Rudolf Steiner was born on February 25, 1861 in Murakiraley, Austria-Hungary (now Donji Kraljevec, Croatia), and died in Dornach on March 30, 1925.

He founded the General Anthroposophical Society and the School of Spiritual Science in 1923, with its center at the Goetheanum in Dornach, Switzerland. 

From here spiritual research in all fields of life, and in many different professions, is done and supported.

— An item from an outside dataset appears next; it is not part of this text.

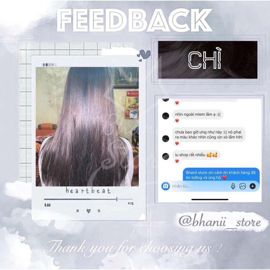 Shop cam kết sản phẩm chính hãng có đầy đủ giấy tờ và đã được kiểm chứng chất lượng 📌THÔNG TIN VỀ SẢN PHẨM: - chất thuốc mịn, dễ sử dụng. - có dưỡng chất làm mềm mượt tóc (loại 200 nhiều dưỡng nhất) - có chất phủ bóng nhẹ giúp cho tóc bóng mượt. - độ giữ màu: + màu không tẩy : 2-4 tháng (tuỳ chất tóc) + màu cần tẩy: 3 tuần - 1,5 tháng (tuỳ chất tóc) * đối với màu CHÌ: giữ khoảng 1-2 tháng tuỳ chất tóc - mùi thuốc thơm, không nồng hắc khó chịu. - Không kích ứng, an toàn cho da và tóc. - Không gây khô xơ, gẫy, rụng. CAM KẾT BẢO HÀNH theo nhiều hình thức! Sự HÀI LÒNG của khách hàng là MỤC TIÊU của chúng tôi! ‼️‼️ KHÁCH HÀNG ĐỨNG TRÊN LỢI NHUẬN ‼️‼️ ------------------------------------------ 📌THÔNG TIN BỔ SUNG: +1 set gồm 1 tuýp màu + 1 lọ oxy trợ dưỡng + bao tay + xả dưỡng (tặng kèm tùy combo sản phẩm) +3 mức giá 150k - 180k - 200k /set tuỳ màu +dung tích: 100ml x 2 / set * tóc dài dưới và dày sẽ cần 2 set nhuộm! ------------------------------------------ 📌HDSD thuốc nhuộm: 1. Trộn tuýp màu và lọ oxy trợ dưỡng tỉ lệ 1:1. Trộn đều. 2. Chia tóc thành nhiều lọn nhỏ để có thể chải được đều thuốc. *Đối với tóc ko tẩy thì chải cách chân và chải chân sau cùng. *Đối với tóc đã tẩy thì chải từ chân đến ngọn. 3. Ủ ... (thời gian cụ thể được shop hdan khi tư vấn) 4. Xả. Nhớ dùng kèm dầu xả khi xả nha. ❤️ LƯU Ý: Các bạn chú ý làm đúng các bước, ủ đủ tgian mình gửi. Vì chất tóc + nền tóc của mỗi người khác nhau, các bạn vui lòng KO LÀM THEO HDSD TRÊN HỘP, KO TỰ Ý THAY ĐỔI TGIAN Ủ!!! ------------------------------------------ 📌Liên hệ với chúng mình để được tư vấn và giải đáp các thắc mắc ❤️ 𝐬𝐡𝐨𝐩𝐞𝐞: bhanii_store 𝐟𝐚𝐜𝐞𝐛𝐨𝐨𝐤: bhanii_store 𝐢𝐧𝐬𝐭𝐚𝐠𝐫𝐚𝐦: bhanii_store

This has inspired, for example, the founding of Waldorf Schools, anthroposophical medicine, biodynamic agriculture and the new artistic form of eurythmy.

Steiner had no profession himself, but had a great impact on the cultural life of his own time, and remains a significant inspiration for the cultural life of today. 

He can be seen as a philosopher, literary scholar, educator, artist, playwright, and social thinker with a technical education as well. Steiner advocated a form of ethical individualism, to which he later brought a more explicitly spiritual component. His scientific approach is based on a phenomenology inspired by Goethe’s ideas of perception.

“Thinking … is no more and no less an organ of perception than the eye or ear. Just as the eye perceives colors and the ear sounds, so thinking perceives ideas.” 

Rudolf Steiner founded the YouthSection during Easter, 1924.